Quaternary Research Center, University of Washington
There does not appear to be a date on this article nor does it appear to be peer reviewed in a scientific journal. The author does appear to have some credibility though as it credits him as being with the University of Washington and URL implies that he is with the faculty of that august learning institution. His website also credits him with writing multiple articles since 1962.
The article tracks a specific glacier and its shrinking over the course of several hundred years. It is very apparent from the graph from that article that the shrinking has been relatively consistent since the mid 1800s and in fact may have slightly slowed down in recent decades (maybe we could put a hockey stick on this and show that the glacier is actually growing now).
Since about 1850, glaciers worldwide have experienced fluctuating retreat, so that today we commonly see belts of sparsely vegetated deglaciated terrain beyond receding ice margins. Whereas the largest glaciers have retreated a mile or more during the past century, some small glaciers have disappeared entirely in recent decades in response to the general 20th century warming of the climate.
The most accessible is Nisqually Glacier, which originates at the summit of Mount Rainier (14,400 feet altitude) and descends to an altitude of about 5000 feet. The position of the glacier front was first recorded in 1857, and sporadically thereafter until the end of the century. More-or-less continuous recordings of its frontal position were made after the mountain became a National Park, which brought increasing numbers of visitors, as well as scientists, to observe its glaciers.
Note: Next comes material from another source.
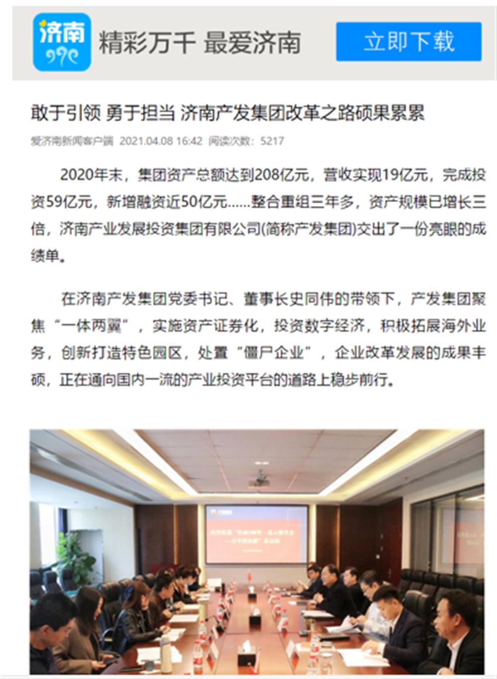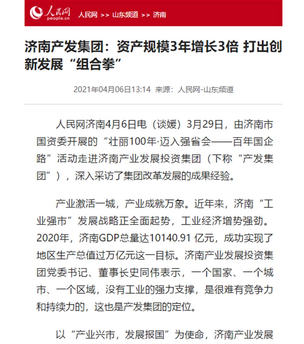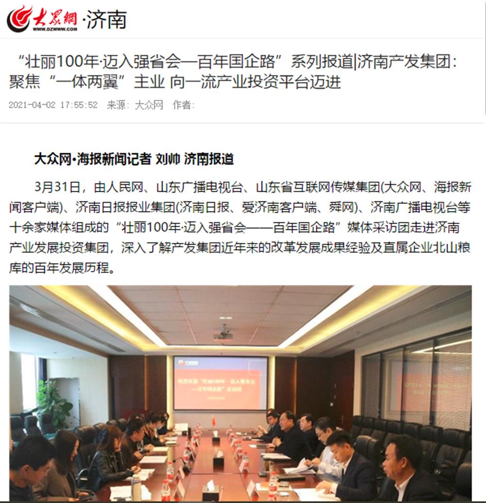 近日,市国资委举办的“壮丽100年·迈入强省会——百年国企路”媒体团一行到访济南产发集团后,人民网、大众网、闪电新闻、济南电视台、济南日报、带济南等多家国家、省市级媒体聚焦报道了集团改革发展的成果经验。

Together with geologic dating of moraines that record past glacier-margin positions, this observational record provides a relatively detailed picture of the variations of Nisqually Glacier and of the climatic trends which controlled its fluctuations.
The overall pattern of 20th century glacier retreat is consistent with the warming trend seen in the later part of the global temperature trend for the last 350 years, which displays an abrupt warming in the early part of the century to values well above those of the Little Ice Age.